● Data shown:
▼▼▼
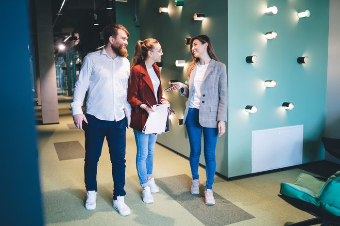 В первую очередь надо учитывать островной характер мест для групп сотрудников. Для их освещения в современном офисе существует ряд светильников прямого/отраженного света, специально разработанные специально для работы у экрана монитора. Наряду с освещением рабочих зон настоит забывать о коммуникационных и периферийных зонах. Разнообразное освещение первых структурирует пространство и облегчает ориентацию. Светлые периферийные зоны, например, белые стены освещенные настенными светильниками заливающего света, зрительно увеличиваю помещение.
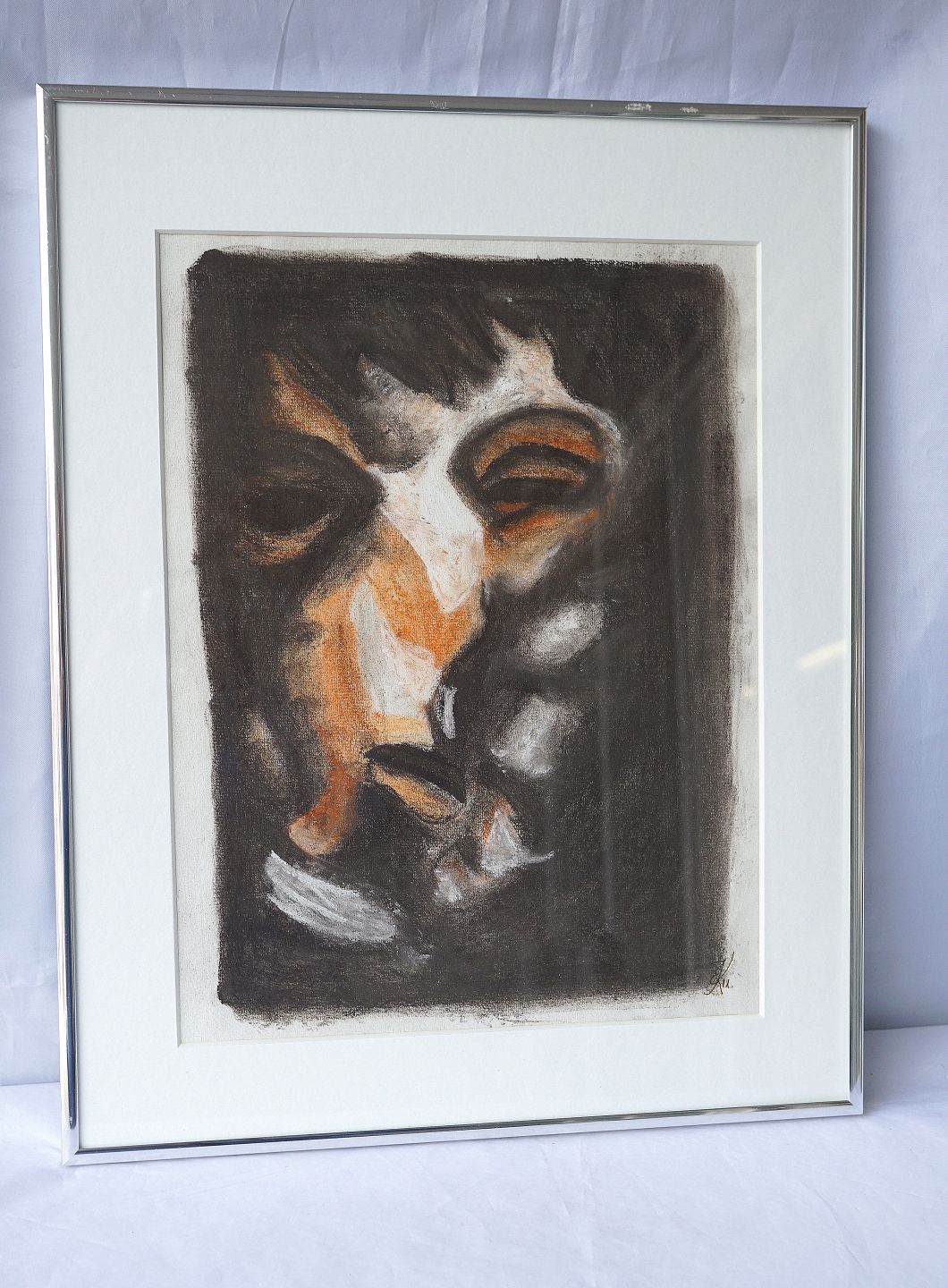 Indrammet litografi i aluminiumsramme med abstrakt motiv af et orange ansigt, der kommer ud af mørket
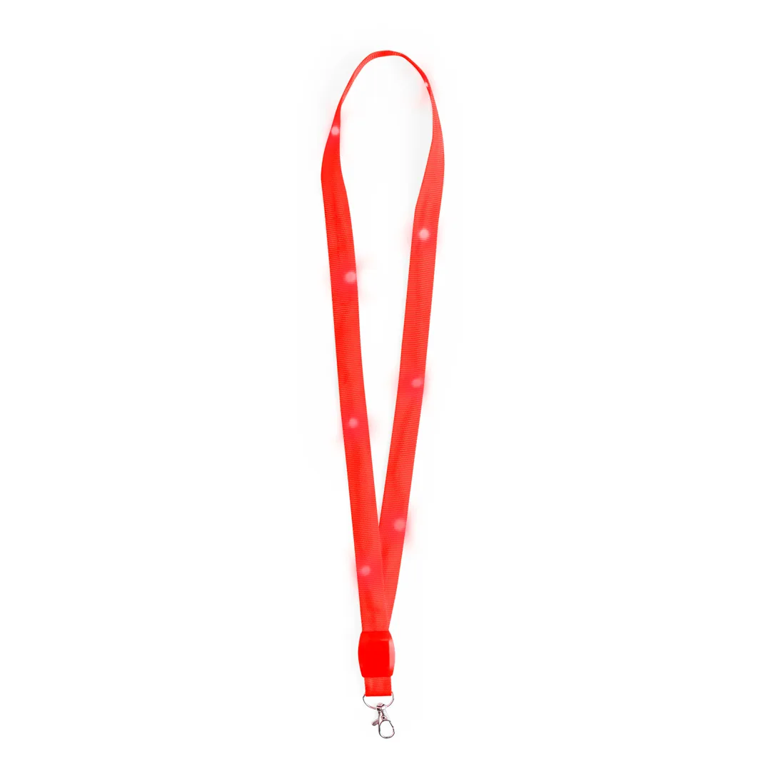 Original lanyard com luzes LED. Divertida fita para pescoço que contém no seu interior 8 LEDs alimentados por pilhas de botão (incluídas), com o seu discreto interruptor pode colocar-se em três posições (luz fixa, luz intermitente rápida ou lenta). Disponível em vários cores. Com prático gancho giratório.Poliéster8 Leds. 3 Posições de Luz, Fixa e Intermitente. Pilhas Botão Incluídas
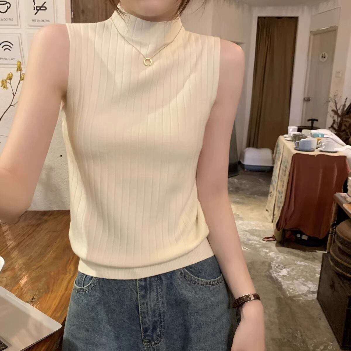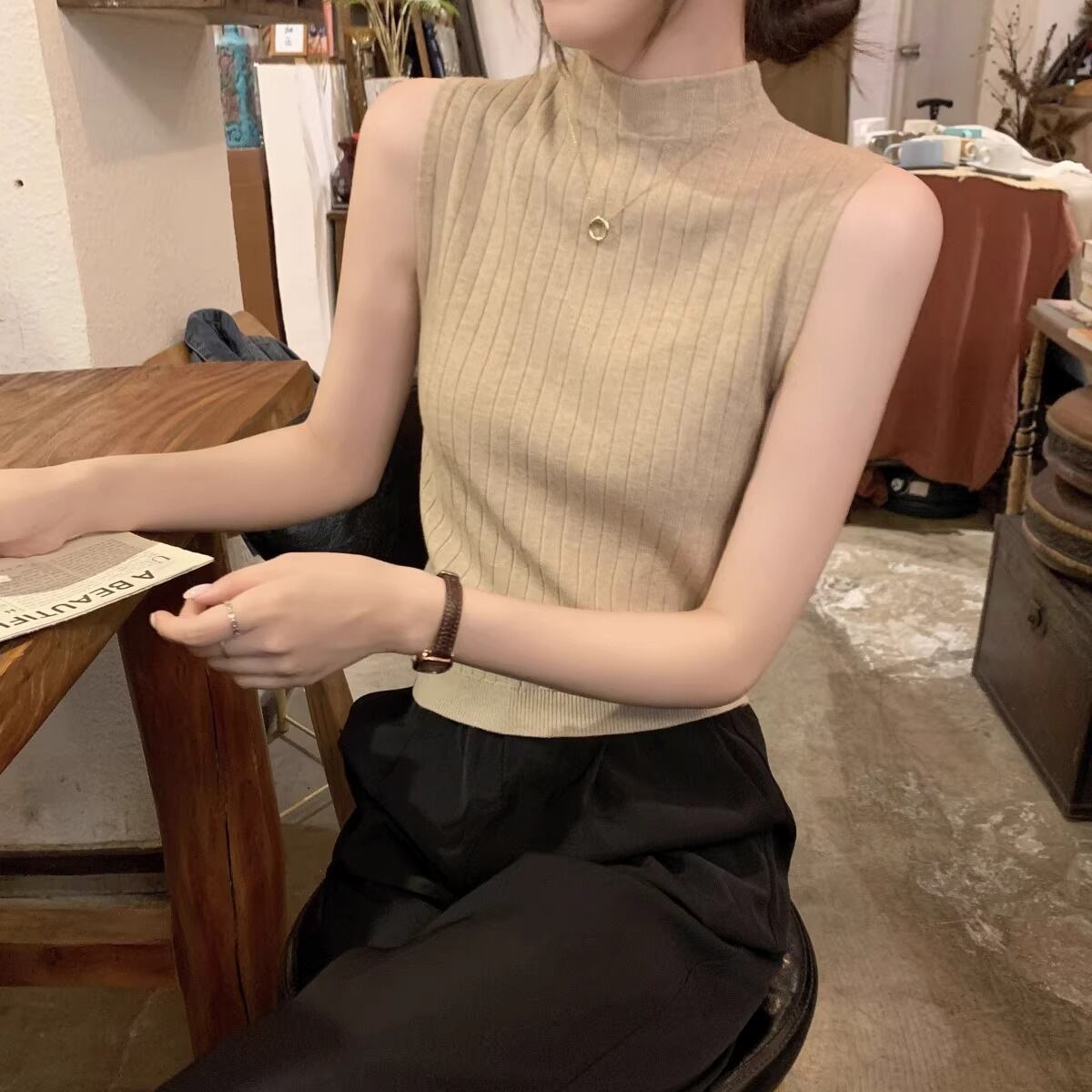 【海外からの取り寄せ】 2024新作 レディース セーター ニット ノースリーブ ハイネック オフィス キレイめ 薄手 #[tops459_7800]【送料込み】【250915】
▲▲▲
● Your task:
Copy nothing but the lines from the one containing "Original lanyard com" through the last line of the listing above, transcribed exactly and with no pictures.

● Answer box:
 Original lanyard com luzes LED. Divertida fita para pescoço que contém no seu interior 8 LEDs alimentados por pilhas de botão (incluídas), com o seu discreto interruptor pode colocar-se em três posições (luz fixa, luz intermitente rápida ou lenta). Disponível em vários cores. Com prático gancho giratório.Poliéster8 Leds. 3 Posições de Luz, Fixa e Intermitente. Pilhas Botão Incluídas
 【海外からの取り寄せ】 2024新作 レディース セーター ニット ノースリーブ ハイネック オフィス キレイめ 薄手 #[tops459_7800]【送料込み】【250915】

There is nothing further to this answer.